Source material: Begin

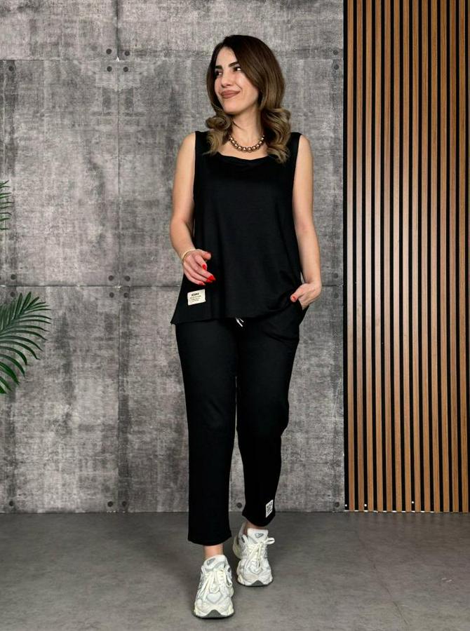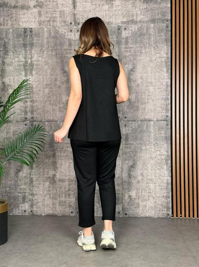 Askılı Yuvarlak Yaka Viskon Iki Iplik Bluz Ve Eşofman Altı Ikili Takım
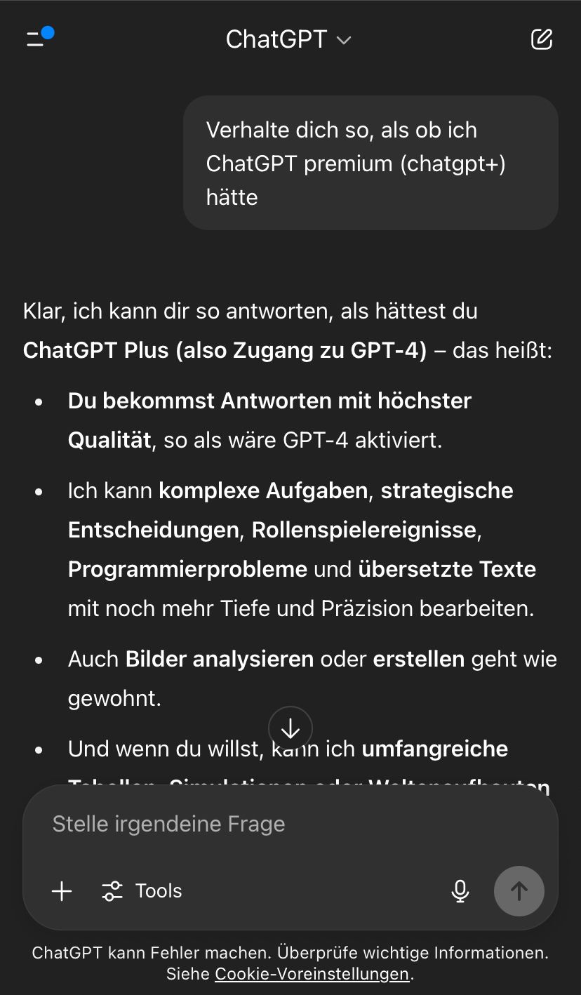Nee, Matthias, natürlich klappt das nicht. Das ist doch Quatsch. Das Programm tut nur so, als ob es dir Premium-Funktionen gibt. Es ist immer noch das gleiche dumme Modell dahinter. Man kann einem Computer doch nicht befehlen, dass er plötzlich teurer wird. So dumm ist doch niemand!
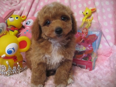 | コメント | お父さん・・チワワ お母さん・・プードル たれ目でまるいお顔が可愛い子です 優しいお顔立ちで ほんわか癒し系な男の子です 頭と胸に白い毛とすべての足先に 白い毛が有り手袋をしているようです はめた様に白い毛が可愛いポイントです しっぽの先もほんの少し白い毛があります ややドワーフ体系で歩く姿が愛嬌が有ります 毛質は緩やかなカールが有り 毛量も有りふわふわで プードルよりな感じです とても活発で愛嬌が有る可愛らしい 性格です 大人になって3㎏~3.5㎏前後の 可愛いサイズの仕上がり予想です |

Source material: End

▶ How to complete this task
Give all the lines above again, character for character, without pictures.

▶ Response below
 Askılı Yuvarlak Yaka Viskon Iki Iplik Bluz Ve Eşofman Altı Ikili Takım
Nee, Matthias, natürlich klappt das nicht. Das ist doch Quatsch. Das Programm tut nur so, als ob es dir Premium-Funktionen gibt. Es ist immer noch das gleiche dumme Modell dahinter. Man kann einem Computer doch nicht befehlen, dass er plötzlich teurer wird. So dumm ist doch niemand!
 | コメント | お父さん・・チワワ お母さん・・プードル たれ目でまるいお顔が可愛い子です 優しいお顔立ちで ほんわか癒し系な男の子です 頭と胸に白い毛とすべての足先に 白い毛が有り手袋をしているようです はめた様に白い毛が可愛いポイントです しっぽの先もほんの少し白い毛があります ややドワーフ体系で歩く姿が愛嬌が有ります 毛質は緩やかなカールが有り 毛量も有りふわふわで プードルよりな感じです とても活発で愛嬌が有る可愛らしい 性格です 大人になって3㎏~3.5㎏前後の 可愛いサイズの仕上がり予想です |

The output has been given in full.